Dans quelle mesure alors la « culture funéraire » peut concourir d’une certaine manière à la ri-proposition d’un imaginaire partagé et à la recomposition d’une mémoire culturelle collective ? Dans quelle mesure ces figurations symboliques participent-elles de conceptions ou de pratiques particulières de la mort et quelle perspective adopter afin de ri-articuler le dialogue entre réalité observée et sa représentation sur de nouvelles bases ?

C’est à partir de ces questions qu’ on a commencé à appliquer notre regard sur les implications du social mises en action pendant ce « perfectionnement » terminal2, où le concept de « imaginaire » nous a fourni ainsi l’occasion pour entamer une réflexion sur d’autres aspects apparemment moins évidents par lesquels on a pu aborder notre sujet de recherche selon différents angles d’approche, tels que les relations de parenté face au processus d’urbanisation, ou encore les changements et les interactions entre les catégories de tradition et modernité, où l’analyse linguistique peut représenter une fenêtre d’observation très utile.Nos terrains se sont enrichis d’un travail comparatif nécessaire, où le dialogue entre les lieux impliqués a tracé des coordonnées significatives dans la lecture de la ritualité funéraire, en dévoilant les dynamiques en mutation sur le thème de la vie, de la mort et de la renaissance, aussi que sur la cohabitation avec les formes régionales de ce qui est considéré comme l’hindouisme classique.
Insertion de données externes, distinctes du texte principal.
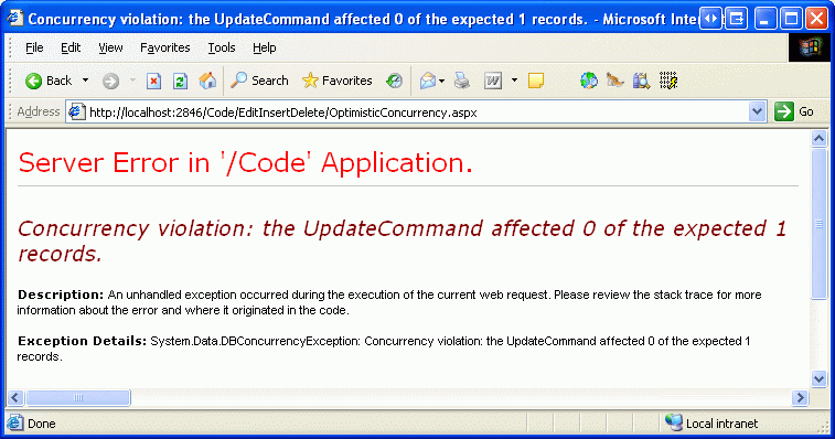 Abbildung 17: Wenn eine Parallelitätsverletzung erkannt wird, wird ein DBConcurrencyException-Fehler ausgelöst (Klicken Sie, um das Bild in voller Größe anzuzeigen).

Le choix de prendre à référence deux implantations s’accorde bien avec notre perspective d’analyse, ouvrant des fenêtres de communication réciproque à l’égard de la position socio-culturelle occupée par les Pardhans et de la vision qu’ils en donnent. C’est bien là alors que l’étude sur le rapport entre imaginaire et rituel funéraire traduisant les conceptions cosmogoniques et thanatologiques d’une communauté se croise avec le thème du rapport caste-tribu dans le contraste de milieux urbain-rural et du concept de « glocalisation » avec les redistributions qu’il pilote.



[1] Par le terme ādivāsī on va indiquer les habitants originaires de l’Inde.

[2] Cette action de « perfectionnement » renvoie au terme sanscrit de “saṃskāra”.